E3SM-Project / scream

Fork of E3SM used to develop exascale global atmosphere model written in C++
https://e3sm-project.github.io/scream/
Other
74 stars 54 forks source link

Fails with ne4 CIME runs on Weaver #1551

Open tcclevenger opened 2 years ago

tcclevenger commented 2 years ago

When running this test case

./create_test SMS_D_Ln10_P1x1.ne4_ne4.F2000SCREAMv1.weaver_gnugpu

we get a fail during the first timestep in elm

[weaver4:25391:0:25391] Caught signal 8 (Floating point exception: floating-point divide by zero)

/home/tccleve/E3SM/SCREAM/scream/components/elm/src/biogeophys/SnowSnicarMod.F90: [ __snowsnicarmod_MOD_snicar_ad_rt() ]
      ...
     2186              ! Loop over snow spectral bands
     2187 
     2188              exp_min = exp(-argmax)
==>  2189              do bnd_idx = 1,numrad_snw
     2190 
     2191                ! note that we can remove flg_dover since this algorithm is
     2192                ! stable for mu_not > 0.01

==== backtrace (tid:  25391) ====
 0 0x0000000010bd75c8 __snowsnicarmod_MOD_snicar_ad_rt()  /home/tccleve/E3SM/SCREAM/scream/components/elm/src/biogeophys/SnowSnicarMod.F90:2189
 1 0x0000000010dbd138 __surfacealbedomod_MOD_surfacealbedo()  /home/tccleve/E3SM/SCREAM/scream/components/elm/src/biogeophys/SurfaceAlbedoMod.F90:637
 2 0x00000000102c88d0 __elm_driver_MOD_elm_drv()  /home/tccleve/E3SM/SCREAM/scream/components/elm/src/main/elm_driver.F90:1323
 3 0x000000001028474c __lnd_comp_mct_MOD_lnd_run_mct()  /home/tccleve/E3SM/SCREAM/scream/components/elm/src/cpl/lnd_comp_mct.F90:512
 4 0x000000001005d030 __component_mod_MOD_component_run()  /home/tccleve/E3SM/SCREAM/scream/driver-mct/main/component_mod.F90:728
 5 0x00000000100379b4 __cime_comp_mod_MOD_cime_run()  /home/tccleve/E3SM/SCREAM/scream/driver-mct/main/cime_comp_mod.F90:2889
 6 0x0000000010059eb4 MAIN__()  /home/tccleve/E3SM/SCREAM/scream/driver-mct/main/cime_driver.F90:153
 7 0x0000000010059f64 main()  /home/tccleve/E3SM/SCREAM/scream/driver-mct/main/cime_driver.F90:23
 8 0x0000000000025100 generic_start_main.isra.0()  libc-start.c:0
 9 0x00000000000252f4 __libc_start_main()  ???:0
=================================

This is not a generic GPU fail, since we run with no such issues on Summit, which is also V100, and perlmutter. Seems to be Weaver specific.
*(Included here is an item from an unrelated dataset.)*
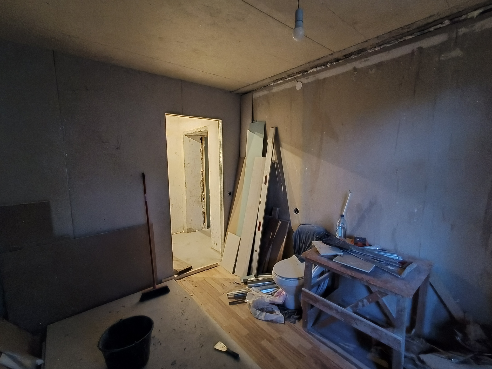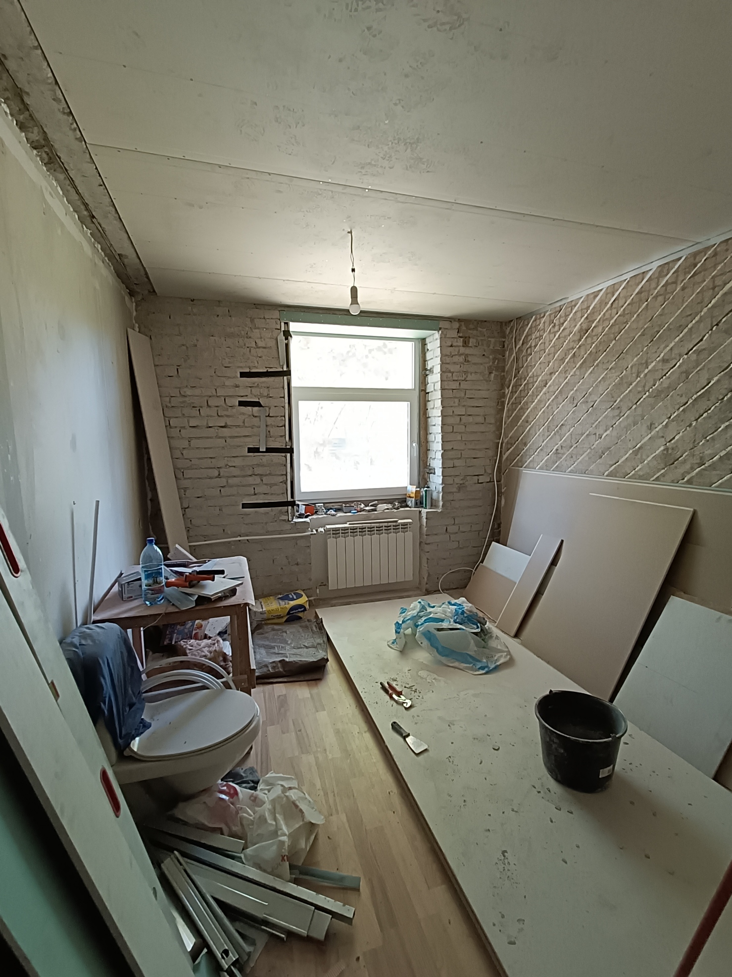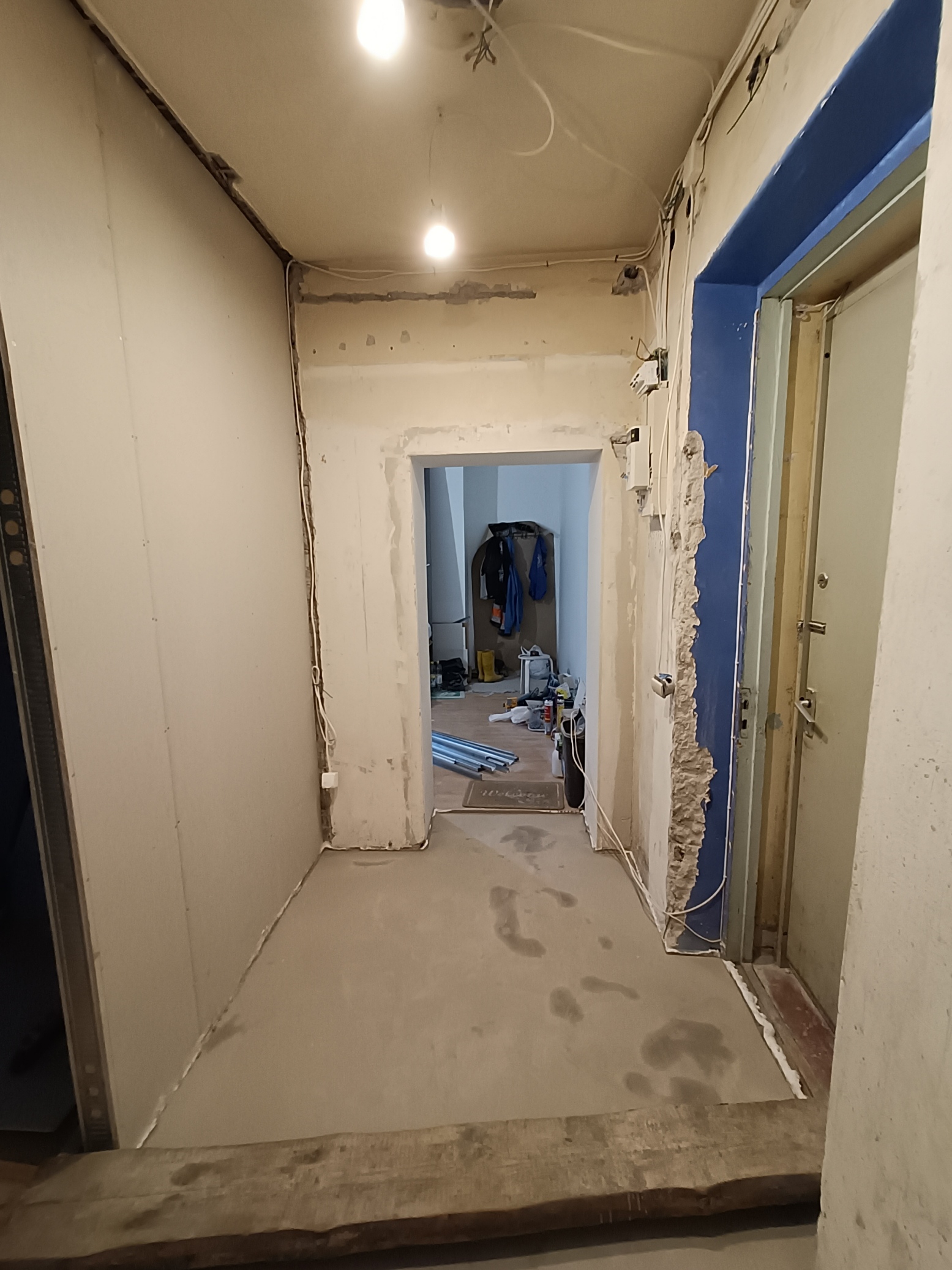 Vaja pahteldada ja lihvida seinad ning laed, aknaga sein köögis ja magamistoas krohvida, vannitoas teha hüdroisolatsioon ja mikrotsement põrandale ning seintele, esikus seinad krohvida ja lagi + kipssein pahteldada ja lihvida, elutoa seintel teha parandused ja vajadusel lauspahtel, paigaldada kööki, koridori ja esikusse põrandakate (vinüülparkett), paigaldada 3 ust. Tööde alguse ajaks on kipsi, vee ja elektri tööd lõpetatud.
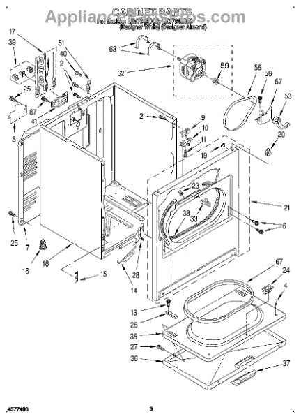 Fits all Whirlpool-made dryers (Whirlpool, Kenmore with prefix 110, Roper, KitchenAid, and Estate). Matching belt 341241 and rear support rollers 349241T. Whirlpool dryer repair manual 677818L.

bartgol commented 2 years ago

Is this current master? I know there were some ELM issues that supposedly should have been fixed by the last upstream merge. @AaronDonahue might have insight on ELM failures.

tcclevenger commented 2 years ago

Yeah, I've talked to both @ndkeen and @PeterCaldwell. The new fixes (which were in the upstream merge) did not take care of this error.